Proponents of the eat-less-salt campaign tend to deal with this contradictory evidence by implying that anyone raising it is a shill for the food industry and doesn’t care about saving lives. An N.I.H. administrator told me back in 1998 that to publicly question the science on salt was to play into the hands of the industry. “As long as there are things in the media that say the salt controversy continues,” he said, “they win.”

When several agencies, including the Department of Agriculture and the Food and Drug Administration, held a hearing last November to discuss how to go about getting Americans to eat less salt (as opposed to whether or not we should eat less salt), these proponents argued that the latest reports suggesting damage from lower-salt diets should simply be ignored. Lawrence Appel, an epidemiologist and a co-author of the DASH-Sodium trial, said “there is nothing really new.” According to the cardiologist Graham MacGregor, who has been promoting low-salt diets since the 1980s, the studies were no more than “a minor irritation that causes us a bit of aggravation.”

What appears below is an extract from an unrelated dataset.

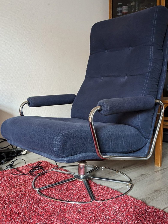 Poltrona attribuita a Jan des Bouvrie per Gelderland, Paesi Bassi, anni '70. Modello 400, anni '70, poltrona girevole con base cromata e rivestimento in pelle marrone scuro, disegnata dal designer olandese Jan Antoon des Bouvrie (1942–2020). Progettò la poltrona per l'azienda Gelderland, fondata nel 1936. Il numero 840 è riportato sotto la base. Le dimensioni sono: altezza 95 cm, larghezza 72 cm, profondità 80 cm. L'altezza della seduta è di 43 cm e il peso è di 9 kg. La poltrona è in buone condizioni vintage. Questo pezzo è attribuito al designer/produttore sopra menzionato.
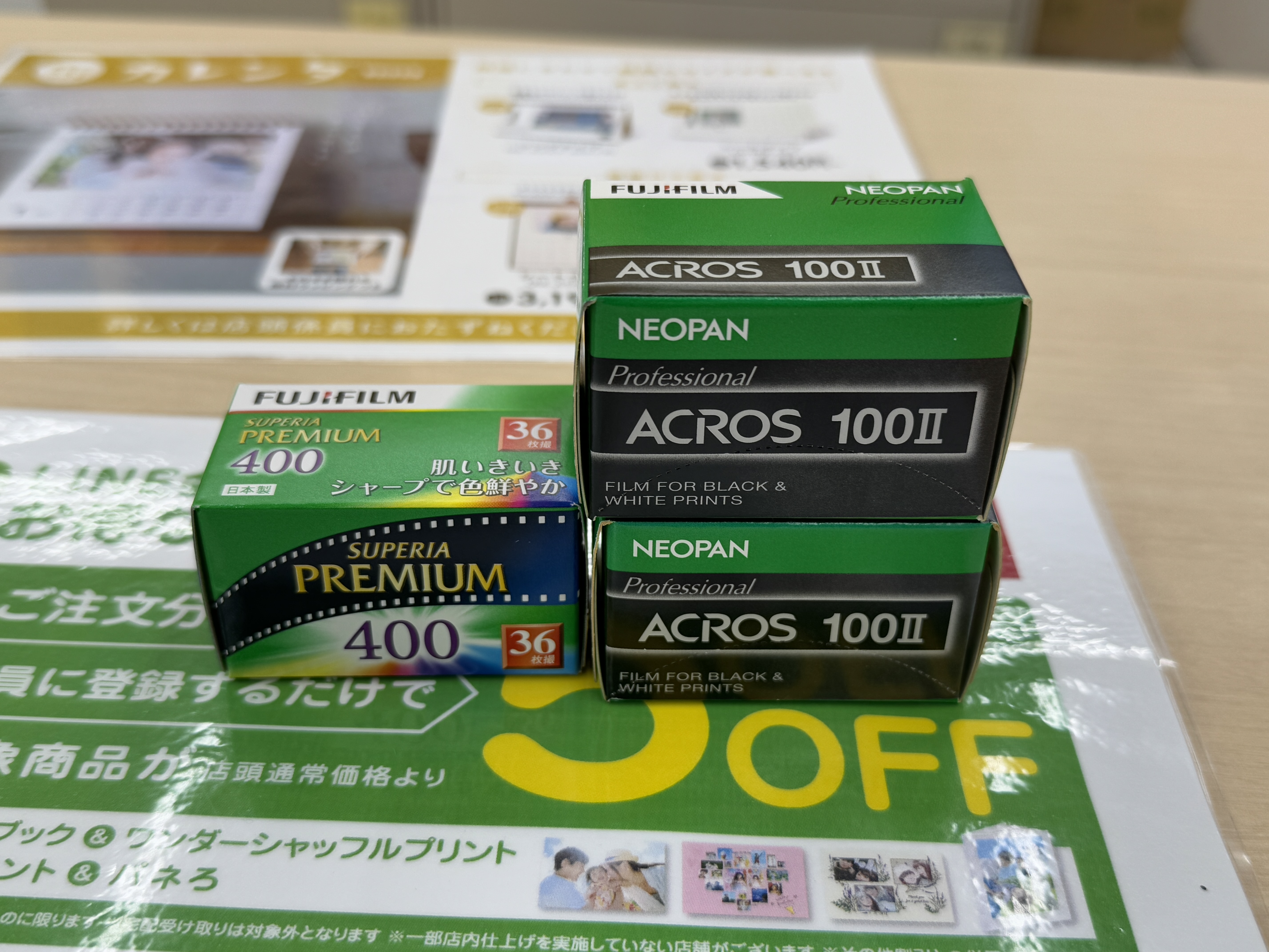 작은 도시에 있는 지점이다 보니 판매하고 있는 필름 종류도 많지 않고 면세도 안 되네요.

This attitude that studies that go against prevailing beliefs should be ignored on the basis that, well, they go against prevailing beliefs, has been the norm for the anti-salt campaign for decades. Maybe now the prevailing beliefs should be changed. The British scientist and educator Thomas Huxley, known as Darwin’s bulldog for his advocacy of evolution, may have put it best back in 1860. “My business,” he wrote, “is to teach my aspirations to conform themselves to fact, not to try and make facts harmonize with my aspirations.”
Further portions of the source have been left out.